-- Data for this task follows --

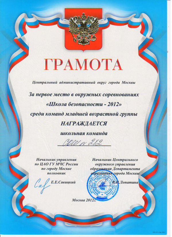 В рамках государственной программы Патриотическое воспитание граждан Российской Федерации на 2011 – 2015 годы при поддержке МЧС России в 2012 году проведено на различных уровнях более 17,5 тыс. соревнований «Школа безопасности», полевых лагерей «Юный спасатель» и «Юный пожарный», в которых приняло участие около 2,2 млн. детей, в том числе проведены девять межрегиональных соревнований «Школа безопасности» и полевых лагерей «Юный спасатель» во всех федеральных округах и г. Москве.
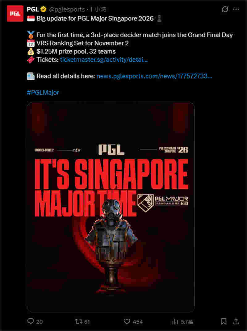 PGL新加坡Major 2026将于11月24日至12月13日举行,32支队伍将争夺125万美元总奖金。赛事最后四天将在新加坡室内体育馆线下举行,粉丝们将在此见证决定冠军归属的关键对决。
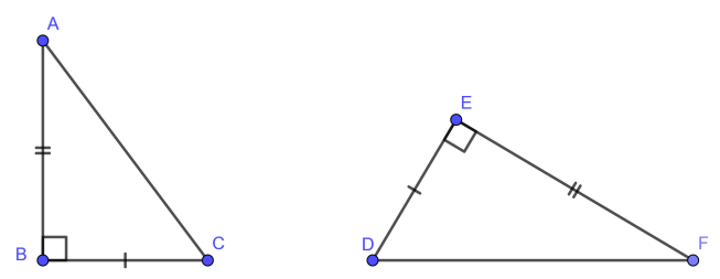Nếu hai cạnh góc vuông của tam giác vuông này bằng hai cạnh góc vuông của tam giác vuông kia thì hai tam giác vuông đó bằng nhau.
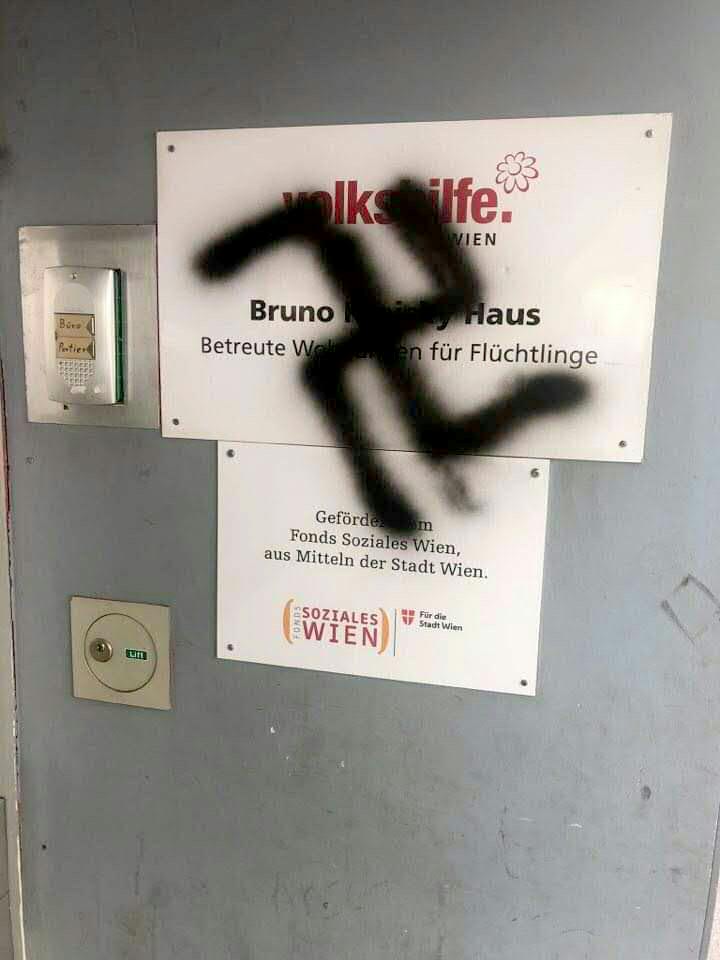 Laut Volkshilfe fand die Spray-Attacke in der vergangenen Nacht statt. Man habe die Symbole inzwischen wieder entfernt, teilte man auf APA-Anfrage mit.
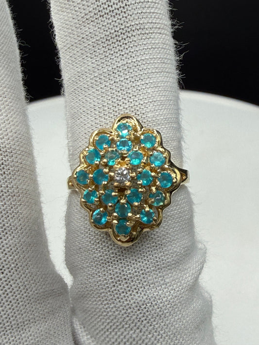 Luxury Paraiba Chalcedony & Diamond Cluster 14k Yellow Gold Statement Ring | Size 6.25
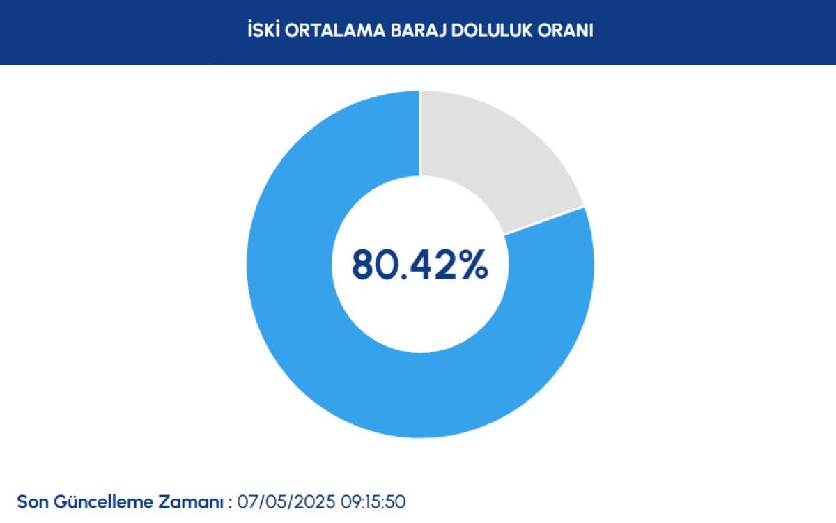 İstanbul'da bulunan tüm barajlardaki su miktarının bugün itibariyle % 80.42 olduğu açıklandı.

-- Data for this task concluded --

### Task requirements
Once the line with "PGL新加坡Major 20" is found above, transcribe each line from it through the line with "Luxury Paraiba Chalcedony", exactly, and omit the pictures.

### Solution to this exercise
 PGL新加坡Major 2026将于11月24日至12月13日举行,32支队伍将争夺125万美元总奖金。赛事最后四天将在新加坡室内体育馆线下举行,粉丝们将在此见证决定冠军归属的关键对决。
Nếu hai cạnh góc vuông của tam giác vuông này bằng hai cạnh góc vuông của tam giác vuông kia thì hai tam giác vuông đó bằng nhau.
 Laut Volkshilfe fand die Spray-Attacke in der vergangenen Nacht statt. Man habe die Symbole inzwischen wieder entfernt, teilte man auf APA-Anfrage mit.
 Luxury Paraiba Chalcedony & Diamond Cluster 14k Yellow Gold Statement Ring | Size 6.25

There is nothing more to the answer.